Wednesday, January 15, 2025

December 14, 2024 – Philipsburg, Sint Maarten, Netherland Antilles – Mostly Sunny – 81F

The room was quiet all night and no plugs needed. At around 6 AM, there was some banging going on either on top of the room or outside – most likely, the ship was getting ready to dock and some preparation was needed.  It quieted down quickly. Along with the noise some kind of thick metal cable appeared horizontally in my cabin window.  Again, something to do with the docking process.  

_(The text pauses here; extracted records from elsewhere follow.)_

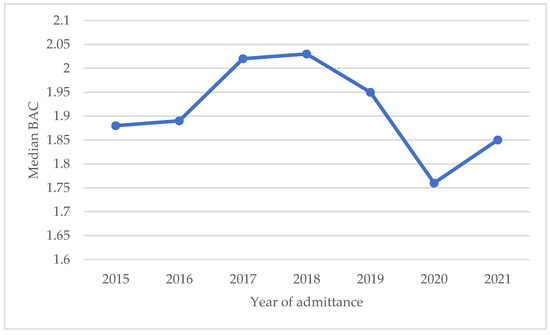 An important clinical characteristic of AAI is blood alcohol concentration. As shown in Table 2, median BAC was 1.95 g/L, having a significantly higher BAC in males than in females (p = 0.04). When analysing trends in BAC over the study period, a significant decrease in median BAC was observed in 2020 compared to other years (p = 0.03), as shown in Figure 3.
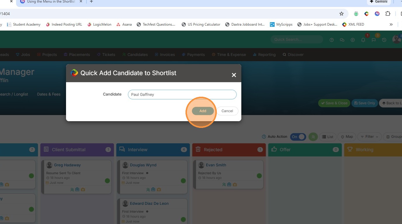 This lesson explains how to add Candidates to the Shortlist Using the Quick Add and New Candidate Option.
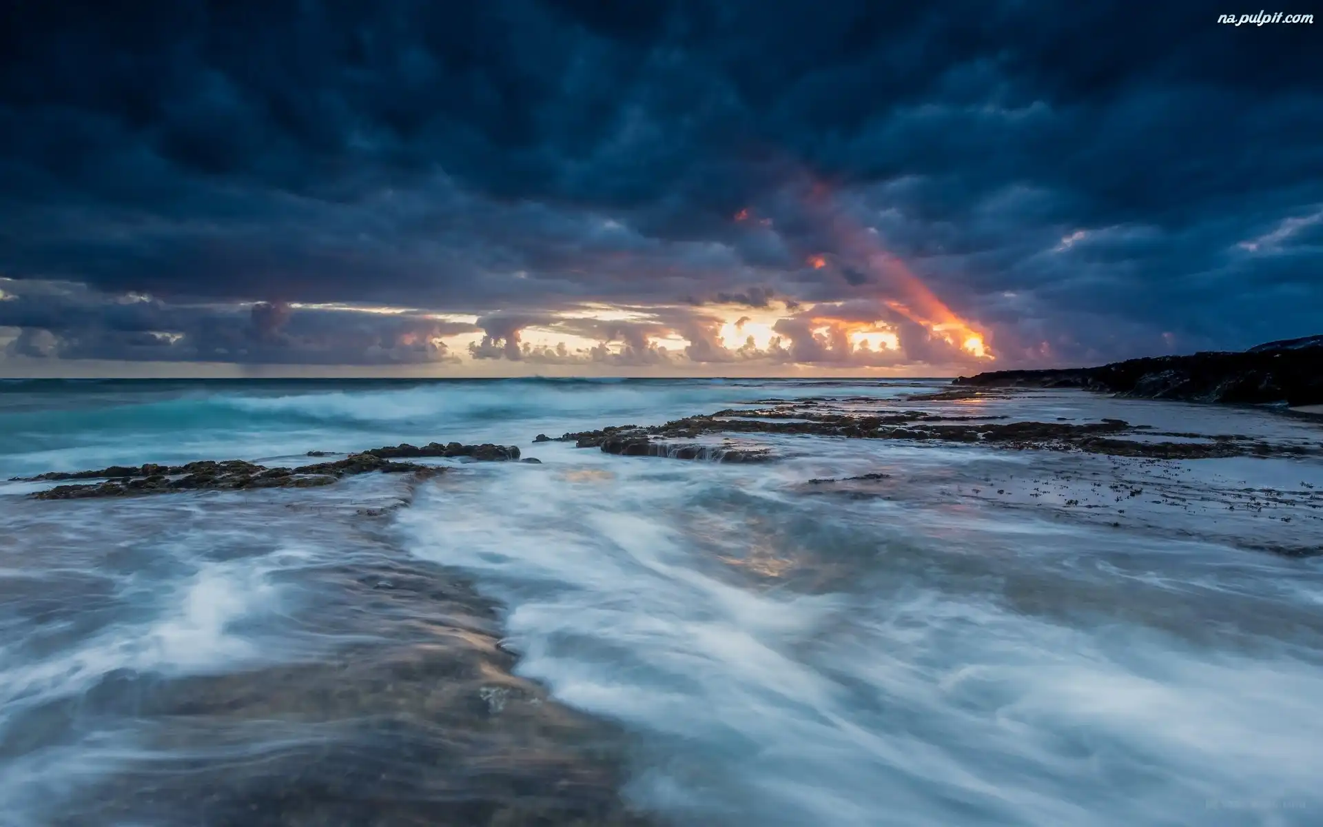 Chmury, Fale, Morze, Zachód Słońca Na Pulpit

You can see where Onward is docked (the blue dot) on the map below. The terrain map shows the downtown area of Philipsburg.  Some of those water features to the north of town are actually left over salt-drying pools - St Maarten used to be big in the salt business back in the day when salt was in high demand in Europe.

  














I was up early enough to take a shower before the Windows Café opened at 7:00 AM today.  The good news is that the water pressure from the hand held shower head in my new room is super good and the water is nice and hot. 

It’s another beautiful day in Philipsburg, probably my favorite Caribbean port of call. The last two times we have been here were post pandemic and we went to Orient Beach to stay away from people.  The last time we were here pre-pandemic was in December 2019 (three months before shutdown).   

I watched the sunrise from my cabin window as we approached the port.

I had breakfast in the Windows Café.  A suit brought me some cottage cheese and sour cream so I had my pancake combo this morning.  The eggs still don’t cut it so I just had a teaspoon of scrambled eggs.  The coffee was good this morning and the outside deck was comfortable and scenic.  Onward, at least when I was having breakfast, was the only cruise ship here – the Sea Dream I, which is more of a yacht than cruise ship was docked a couple of berths across from us.  Maybe, larger ships will come in later today.  We have been here when there were eight ships (some Monster of the Seas) docked here.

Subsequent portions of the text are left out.